Concern grows as the air pollution problem in the North and North-east regions of Thailand threatens to affect the health of the public.

Phrae (northern Thailand) was the worst affected area in Thailand on Monday morning with the PM2.5 reaching 102 micrograms per cubic metre and the Air Quality Index (AQI) level of 212, while PM10 hit 132 micrograms.

Air pollution rise in northern Thailand attributed to 149 controlled forest fires | News by The Thaiger

The Climate Change Data Centre has attributed the rise of PM2.5 over the last few days to the burning of several controlled fires in the North to prevent future forest fires.
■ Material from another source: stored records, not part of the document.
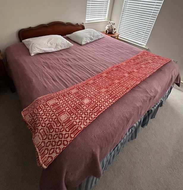 Yes, it's really 150 years old ? a Decorator and Collector?s Dream! (You won?t find this anywhere else.) Real 1840?s MUSEUM quality, reversible Coverlet - with a Romantic History (and perfect red/white colors). This was a WEDDING GIFT (in 1840) and donated to H2O Planet by the original Family Members, for our Valentine?s Auction. See photos.) Item is an original ANTIQUE ?Jacquard Coverlet? ? a gorgeous example of Vintage Textile Artistry, showcasing intricate patterns made with a Jacquard Loom. The Blanket / Coverlet is in MINT condition (with no marks, no stains, no fading; it appears to have never been used) ? and has been stored in Family Cedar Chests for the past 150 years. ?Jacquard Coverlets? highlight the exceptional weaving techniques of early 19th Century America. The CENTER SEAM confirms the authentic Age, since this was found only in Colonial Blankets created between 1830?s and 1850?s. A ?Jacquard Coverlet? was usually created as a Wedding or Birth Gift (and often found in a young woman?s Dowrey or Hope Chest). Those with CENTER SEAMS were woven on hand-powered looms (used between 1830 and 1855, until Weavers left to fight the Civil War. After 1860, most textiles became factory-woven). Coverlets with CENTER SEAMS came from the narrower HAND-POWERED Looms (which were only wide enough to produce smaller panels, requiring the Weaver to sew them together, typically with wool or linen thread, so they could cover the entire bed). The pattern of this Coverlet confirms it was produced between 1820 and 1850. Jacquard Coverlets were double-woven, had reversible designed, and made with 2-ply Wool and imported Madder Dyes (giving them the antique red/brown coloring, popular during the mid-1800?s). The Coverlet is LARGE, thick, heavy, and well-made. Size is 91? Length and 71? Width (with a red/cream, reversible pattern). In photos, it is pictured on a king-sized bed, to help provide Size Estimates. Coverlet can be shipped nationwide to Winning Bidder (with insurance) or picked up for FREE in Enfield, CT. Perfect for Collectors, Historical Museum Displays, or those who love Vintage-decorated Homes.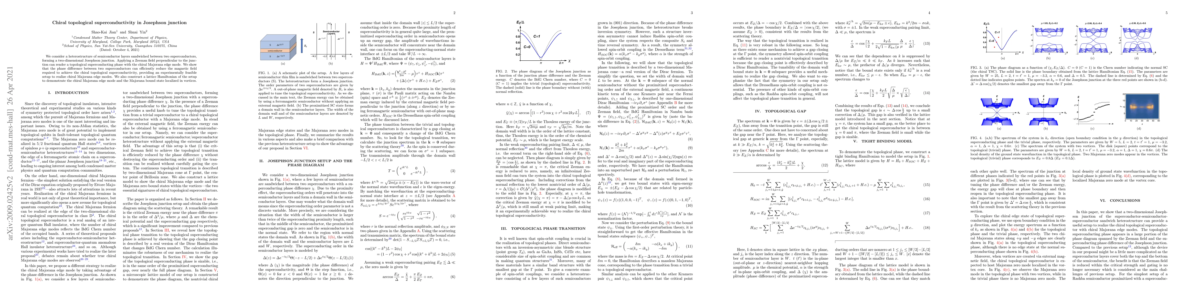 This research explores a semiconductor-superconductor heterostructure in a Josephson junction, demonstrating chiral topological superconductivity enabled by a perpendicular Zeeman field and reduced magnetic field via phase difference between superconductors. The study constructs a lattice Hamiltonian to show chiral Majorana edge modes and Majorana bound states in vortices.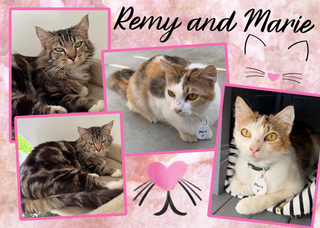 These 1-year-old best friends were brought in together after being left to fend for themselves when their owner left them behind, and they’ve been inseparable ever since. Remy, a long-haired tabby boy, is quiet, easygoing, and incredibly sweet—he loves gentle pets and cozy naps. Marie, a calico/tabby girl, is curious and more outgoing, always caring for Remy with grooming and snuggles. They share a special bond and would love to find a forever home together where they can continue to comfort and love each other.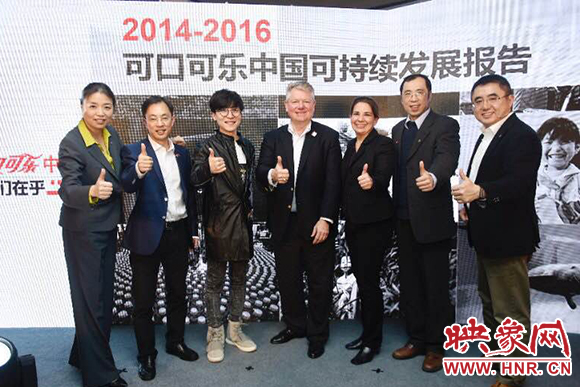 可口可樂中國(guó)攜手合作伙伴發(fā)布2014-2016可持續(xù)發(fā)展報(bào)告(左起:可口可樂大中華及韓國(guó)區(qū)副總裁張華瑩、壹基金秘書長(zhǎng)李勁、創(chuàng)作型歌手王嘯坤、可口可樂大中華及韓國(guó)區(qū)總裁馮廣晟、世界自然基金會(huì)全球淡水項(xiàng)目高級(jí)官員Judy Takas、世界自然基金會(huì)中國(guó)淡水項(xiàng)目總監(jiān)任文偉博士、可口可樂大中華及韓國(guó)區(qū)副總裁張建弢)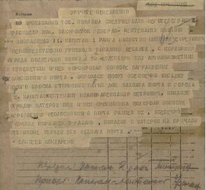 с описанием действий Басистого Н. Е. в Феодосийской десантной операции, подписанная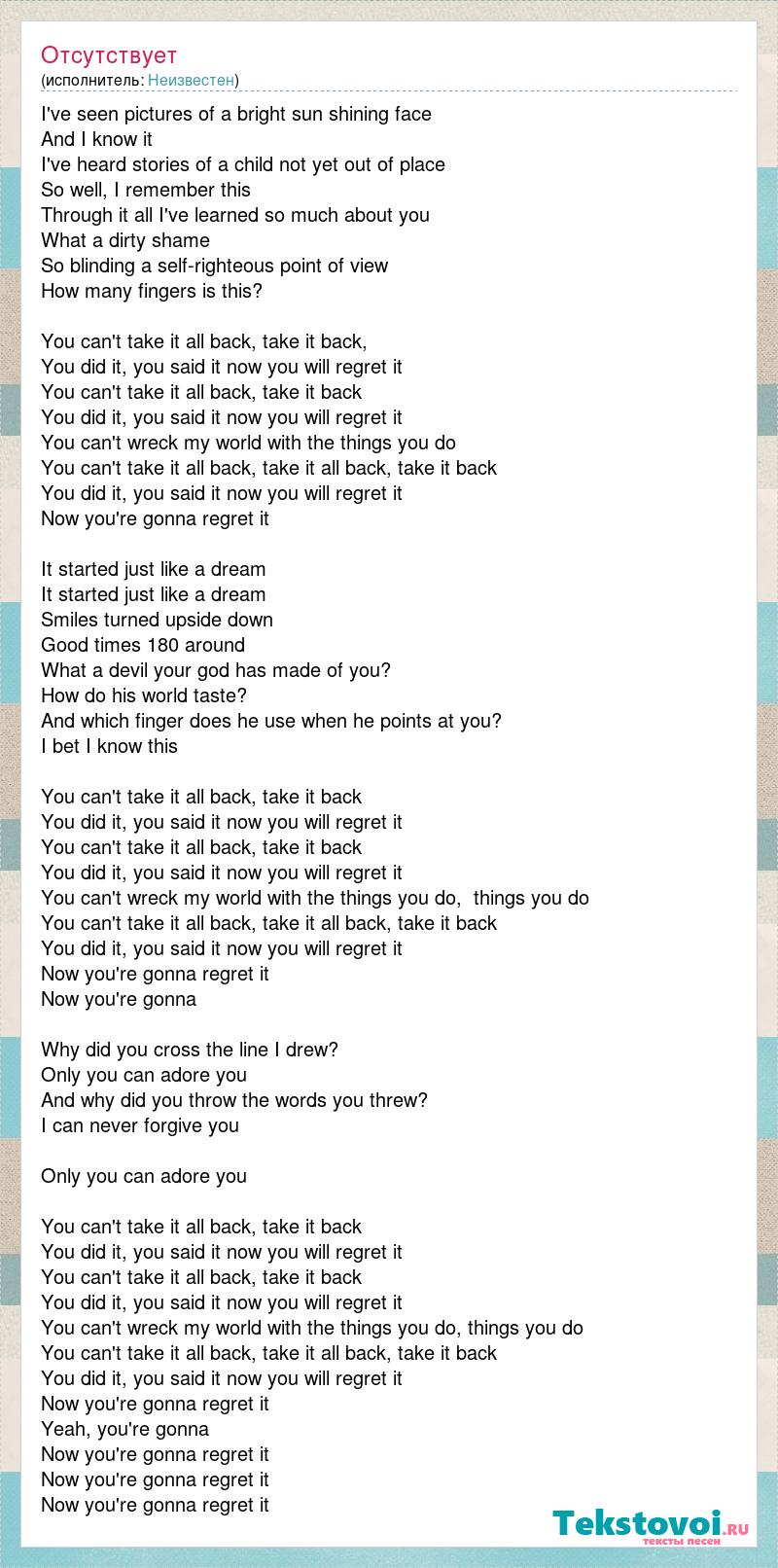 I've seen pictures of a bright sun shining face And I know it I've heard stories of a child not yet out of place So well, I remember this Through it all I've learned so much about you What a dirty shame So blinding a self-righteous point of view How many fingers is this? You can't take it all back, take it back, You did it, you said it now you will regret it You can't take it all back, take it back You did it, you said it now you will regret it You can't wreck my world with the things you do You can't take it all back, take it all back, take it back You did it, you said it now you will regret it Now you're gonna regret it It started just like a dream It started just like a dream Smiles turned upside down Good times 180 around What a devil your god has made of you? How do his world taste? And which finger does he use when he points at you? I bet I know this You can't take it all back, take it back You did it, you said it now you will regret it You can't take it all back, take it back You did it, you said it now you will regret it You can't wreck my world with the things you do, things you do You can't take it all back, take it all back, take it back You did it, you said it now you will regret it Now you're gonna regret it Now you're gonna Why did you cross the line I drew? Only you can adore you And why did you throw the words you threw? I can never forgive you Only you can adore you You can't take it all back, take it back You did it, you said it now you will regret it You can't take it all back, take it back You did it, you said it now you will regret it You can't wreck my world with the things you do, things you do You can't take it all back, take it all back, take it back You did it, you said it now you will regret it Now you're gonna regret it Yeah, you're gonna Now you're gonna regret it Now you're gonna regret it Now you're gonna regret it

Thailand has 149 fire ‘hotspots’ from February 4-10, making it second only to Cambodia with 159, while Vietnam had 61 and Myanmar 18. Many of the fires, unofficially, are from the burning off of cane and rice plantations in readiness for new crops.

Lampang’s Mae Mo district, Chiang Mai’s Saraphi and Hot district, Lamphun and Phrae’s Long and Rong Kwang districts have all been classified as “affecting health” due to the high levels of air pollution.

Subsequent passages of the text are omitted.